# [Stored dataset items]
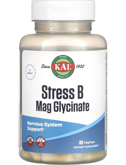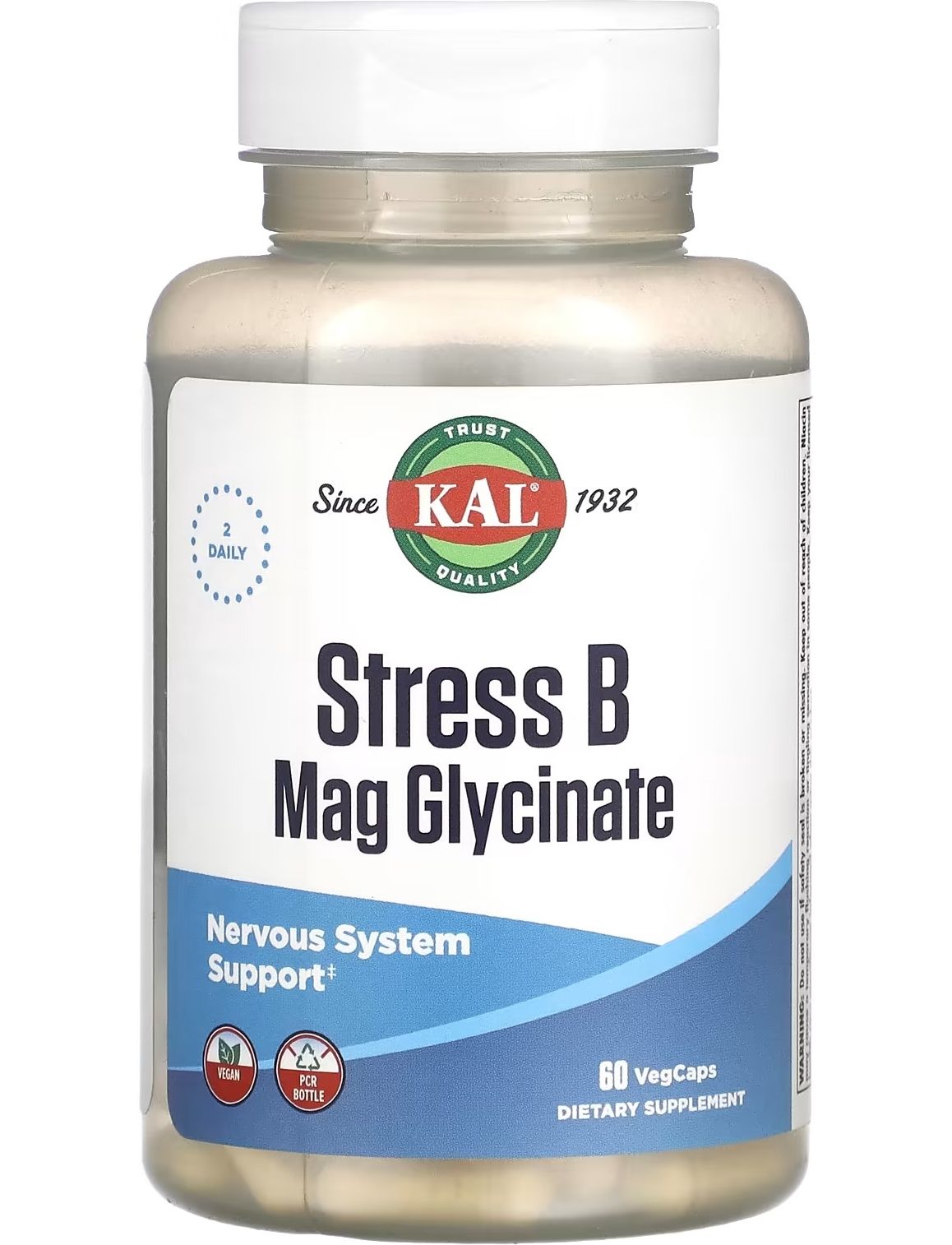 Добавка Stress B Mag Glycinate від KAL® містить вітаміни групи B та магній в ефективній формі гліцинату. Коферментні вітаміни B6 (P-5-P), B12 (метилкобаламін і аденозилкобаламін) і фолат (5-MTHF) визнані біологічно активними формами.
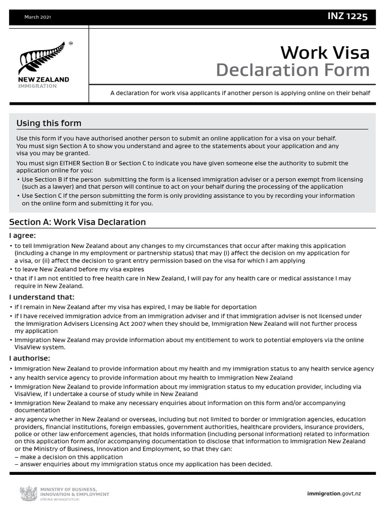 INZ 1225 Work Visa Declaration Form PDF Travel Visa Cultural
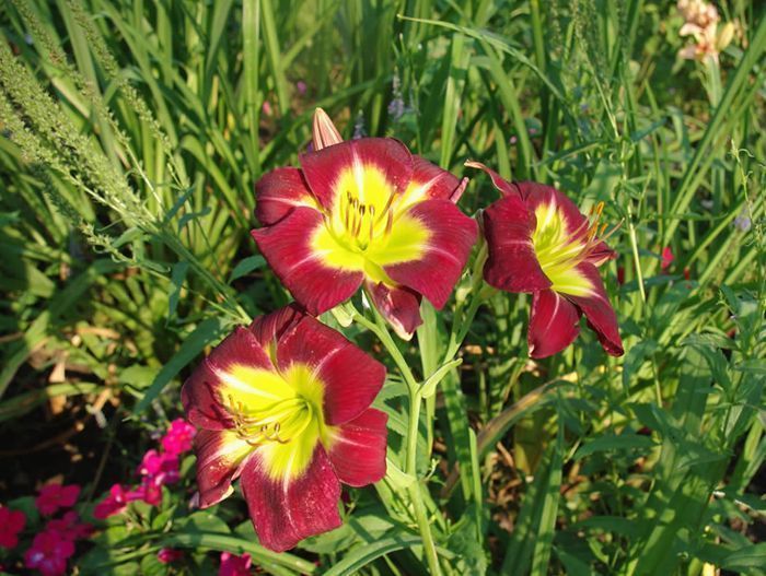 Окраска цветка : Тёмно-бордовая с жёлтым горлом
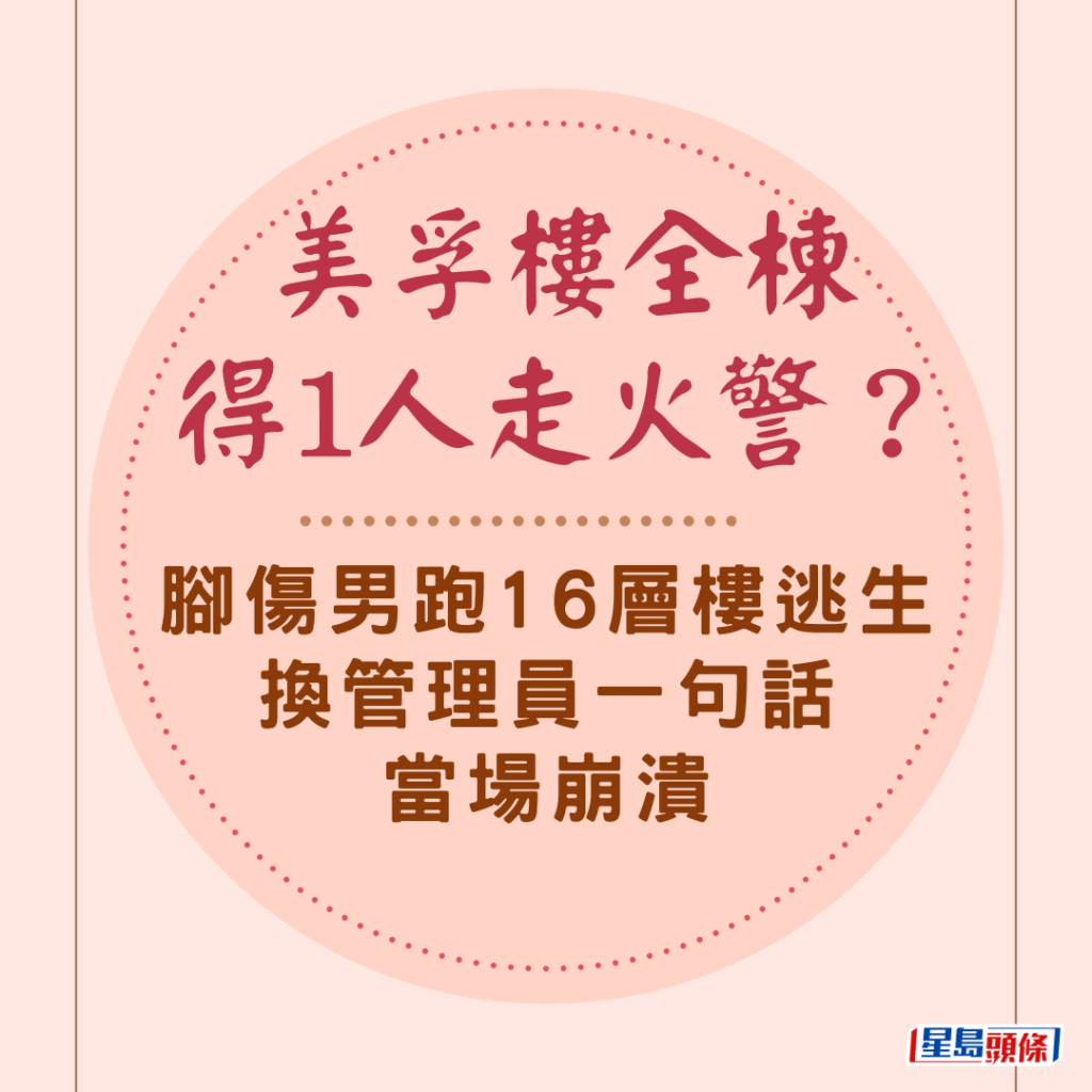 美孚樓全棟得1人走火警?腳傷男跑16層樓逃生 換管理員一句話當場崩潰↓↓↓↓
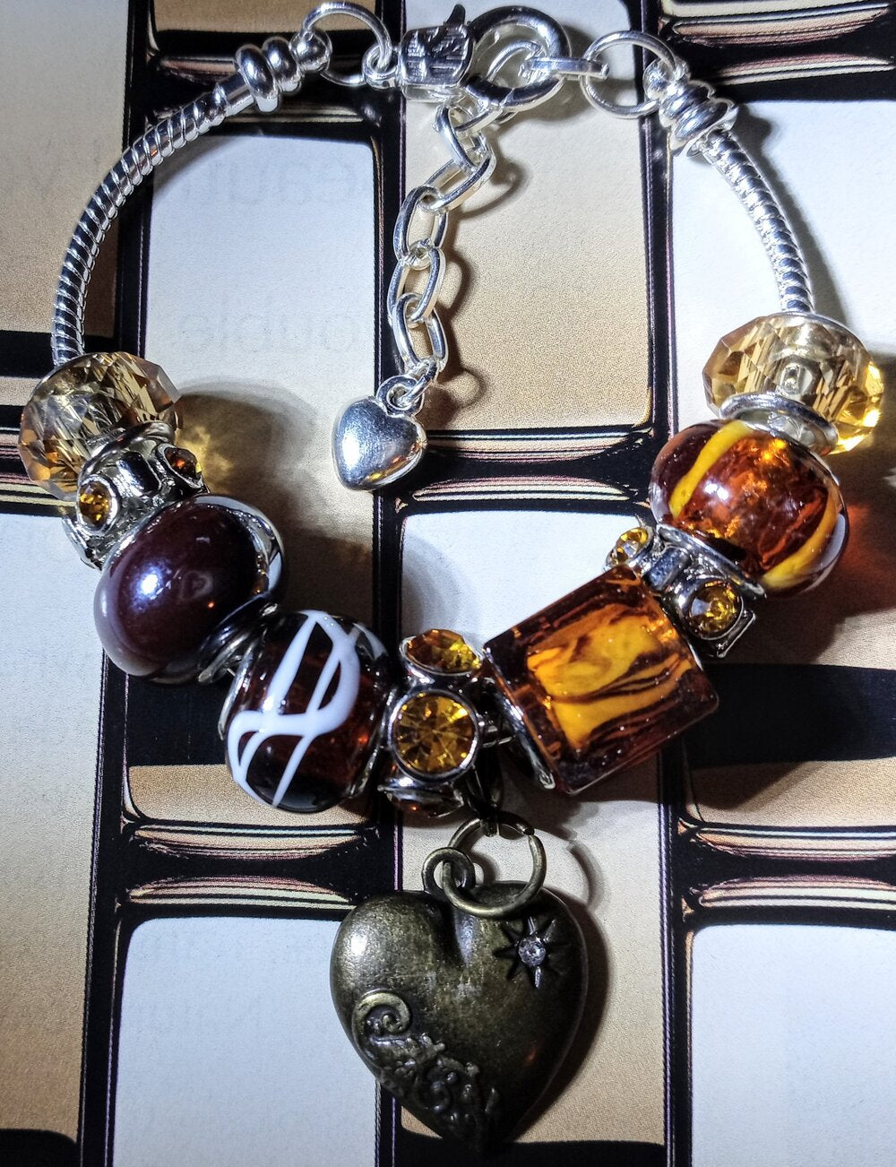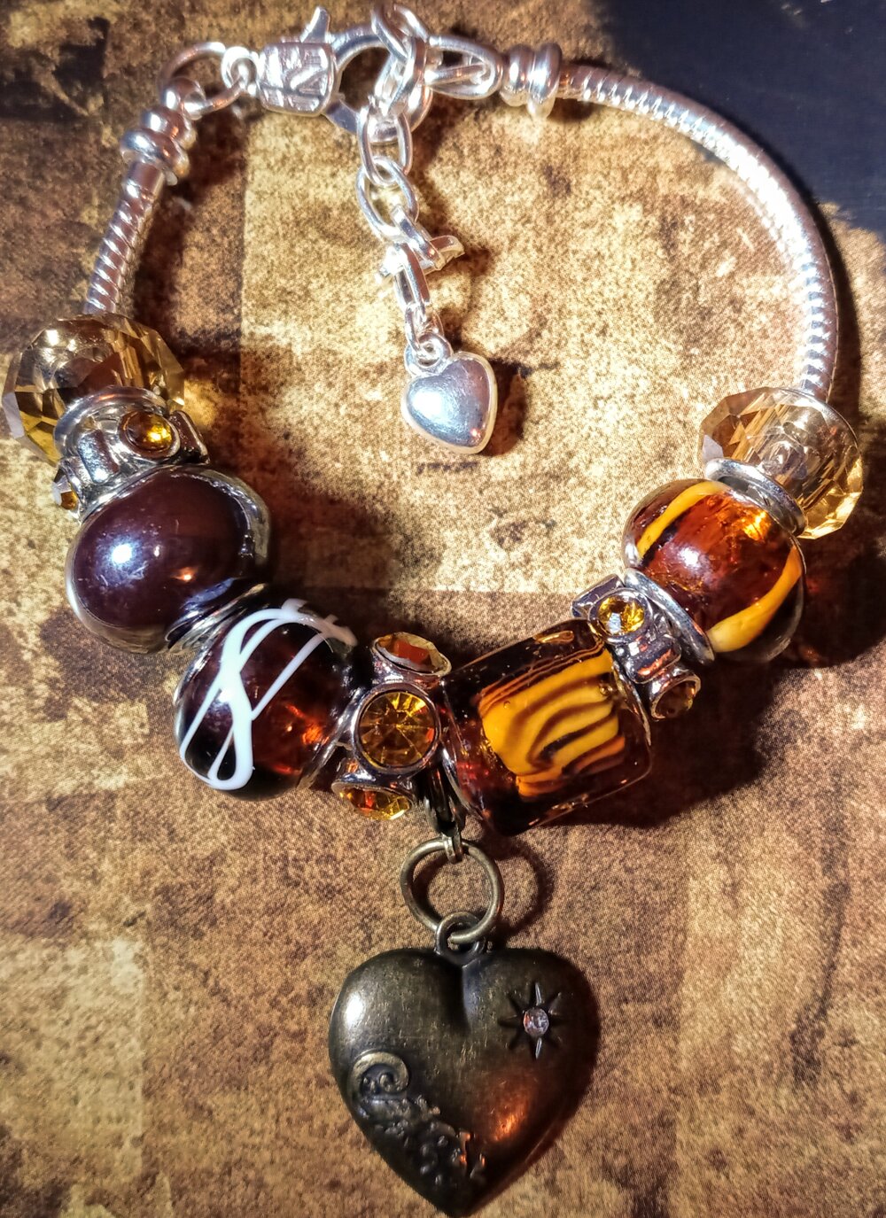 Who has a sweet tooth? The deep Mahogany and Amber hues of this piece are the perfect accent to every skin tone. The aged Bronze heart pendant is sure to fuel chocolate filled nights of love. This piece is set on a 7.5” Silver Plated Snake chain to offer durability and a stylish finish...COME GET THE LOOK!!!

# [What the task requires]
Your answer must be an exact copy of the lines above, from the line that contains "Окраска цветка : Тёмно-бордовая" through the final line, with no pictures in it.

# [Reply to the exercise]
 Окраска цветка : Тёмно-бордовая с жёлтым горлом
 美孚樓全棟得1人走火警?腳傷男跑16層樓逃生 換管理員一句話當場崩潰↓↓↓↓
 Who has a sweet tooth? The deep Mahogany and Amber hues of this piece are the perfect accent to every skin tone. The aged Bronze heart pendant is sure to fuel chocolate filled nights of love. This piece is set on a 7.5” Silver Plated Snake chain to offer durability and a stylish finish...COME GET THE LOOK!!!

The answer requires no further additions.